SPSとホットプレスの違い — 同じ「加圧して焼く」を分ける発熱の場所
SPSとホットプレス(HP)は、どちらも金型の中で粉末を一軸加圧しながら焼き固める。だが熱がどこで生まれるかが違う。HPは外部ヒーターで炉空間ごと温めるのに対し、SPSは通電する金型自身を発熱体にする。本稿は両者の機構の違いと、その違いが昇温速度や保持時間にどう効くかを、公開論文をもとに中立に整理する。
- 放電プラズマ焼結
- SPS
- ホットプレス
- 一軸加圧焼結
- ジュール加熱
見た目はそっくり、中身は別
SPSとホットプレス(hot pressing, HP)は、装置の外見も操作の流れもよく似ている。どちらも粉末を黒鉛の金型に詰め、上下のパンチで一軸方向に押し込みながら高温にして緻密な固体にする。出来上がった部材だけを見比べても、どちらの手法で焼いたか言い当てるのは難しいことが多い。
だが両者は、焼結の核心である「熱をどこで生むか」という点で機構が分かれる。この一点の違いが、昇温の速さ、保持時間の長さ、温度の均一性といった実用上の性格を左右する。以下では、加圧の役割をいったん共通項として脇に置き、発熱の仕組みに焦点を当てて両者を並べていく。
ホットプレス — 外から温めて、熱を伝える
ホットプレスでは、発熱源が金型の外側にある。炉壁に組み込んだ黒鉛ヒーターや、まわりに巻いた誘導加熱コイルが熱を生み、その熱が炉内の空間と金型を温め、最終的に金型を介して粉末へ伝わる。つまり熱は「外から内へ」と伝導していく [3]。
この方式の特徴は、温度場が比較的なだらかで均一になりやすい点にある。炉内空間全体をひとつの恒温槽のように温めるため、試料内の温度差が小さくなりやすい。一方で、温めるべき熱容量(炉空間+金型+試料)が大きいぶん、昇温と冷却には時間がかかる。

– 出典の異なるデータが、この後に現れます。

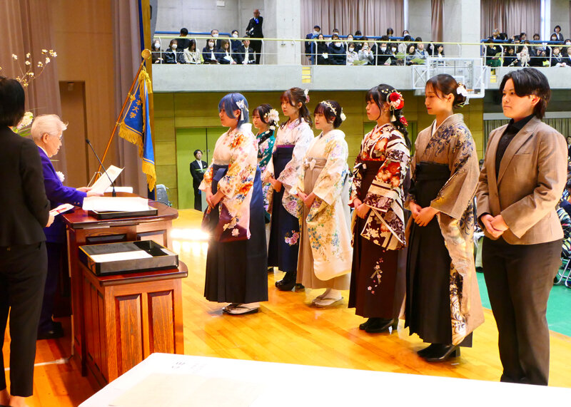 本学は、今年創立128年を迎えた学校法人松商学園の長い歴史と伝統を引き継ぎながらも、未来志向の大学として、改革と挑戦を続ける大学であります。これまでの先輩方が作り上げた「改革と挑戦のDNA」は、確実に卒業生の皆さんにも引き継がれていることと信じています。従来のシステムに疑問を持ち、思い込みを捨て、新たな価値すなわちイノベーションを創出しようとする思いも生まれたかも知れません。また、他者を尊重し、思いやりの心をもって、自律的にそして柔軟に考える力も身についたと思います。この間の皆さんの学びや活躍は、一人ひとりが「改革と挑戦」を続けてきた大きな成果であると私は考えています。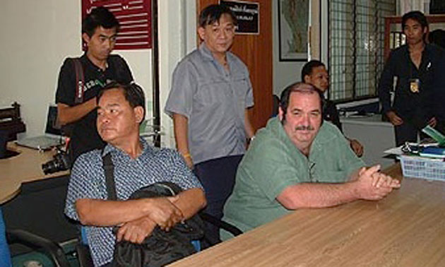 Where is the US Embassy enforcing this as a case to take Mr. Moss Morse back to the US for sex abuse charges? Are missionaries exempt from prosecution? Especially old family name missionaries? Like Vern McCauley of Eden House Children's Home (YWAM Chiangrai) said (on video in the film "Prisoners of a White God") when asked about the rape of an Akha girl by a Missionary: "We wouldn't want to talk about that, it would give missionaries a bad name." How many cases will there have to be of children being raped before missionaries in Thailand are no longer immune? These phaedophiles go where there are children, where they can have control, and that means missions that specialize in setting it all up by taking the Akha children away from their families. There needs to be a bounty on these missionaries, it needs to be made unmistakably clear, till their knees are pounding together, that the best thing they can do while they are still alive is get on a plane and get the hell out of there. You can do your part by calling or emailing the US Embassy in Bangkok, and the US Consul in Chiangmai and asking about the Moss Morse case. First Story Robert Moss (seated right) and Chailong Siriwong are questioned at the headquarters of Police Bureau Region 5’s Juvenile and Women’s Protection Division.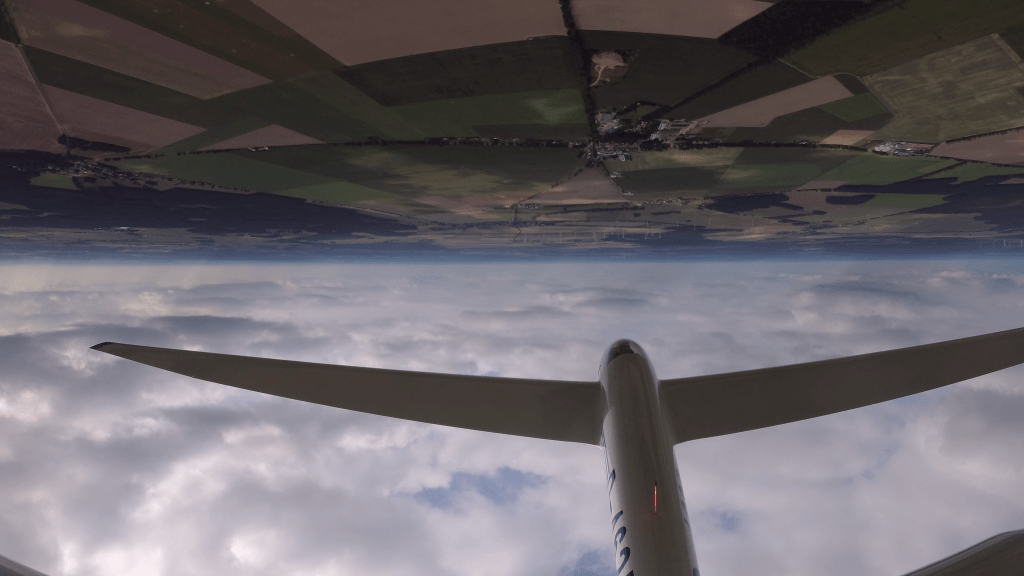 Zwar verbrachten wir die meiste Zeit nach wie vor im Rückenflug, aber das fühlte sich inzwischen schon ganz gut an. Die nächste Figur auf der Liste war der Aufschwung, welcher quasi ein halber Loop ist, bei dem man sich im oberen Scheitelpunkt mithilfe einer halben Rolle wieder in die Normalfluglage dreht. Diese Figur ist auch bekannt als Immelmann (benannt nach dem deutschen Jagdpiloten im ersten Weltkrieg Max Immelmann). Klingt einfach, ist aber in einem Segelflugzeug gar nicht so einfach, da man oben wohldosiert das Höhenruder leicht nachlassen muss, sodass in einer akzeptablen Zeit (die ASK21 braucht recht lange, um auf dem Rücken wieder Fahrt aufzuholen) wieder genügend Geschwindigkeit anliegt, um zu rollen.

目標温度に達してから組織を整えるために、数十分から数時間の保持をとる運用も珍しくない。
ホットプレスは長い歴史を持つ確立した手法であり、大型部材の製造や、ゆっくり時間をかけて緻密化させたい材料系で今も広く使われている [6]。
SPS — 金型自身を発熱体にする
SPSの構成は、加圧の枠組みこそホットプレスと同じだが、熱の生み方が逆向きだ。SPSでは金型(ダイスとパンチ)に低電圧・大電流のパルス直流を直接流し、金型の電気抵抗による発熱(ジュール加熱)で内側から温める。試料が導体であれば試料自身にも電流が分配されて発熱する [1][2]。
発熱体が金型そのものであるため、投入した電力がほぼ直接、加熱に変わる。外部の炉空間を経由しない分、立ち上がりが速く、毎分数百°Cという急速昇温が報告されている。昇温が速ければ、粒成長が進む前に緻密化を終えられる可能性が高まり、結果として比較的低い温度・短い時間で焼き上げられる材料系が多い [1][7]。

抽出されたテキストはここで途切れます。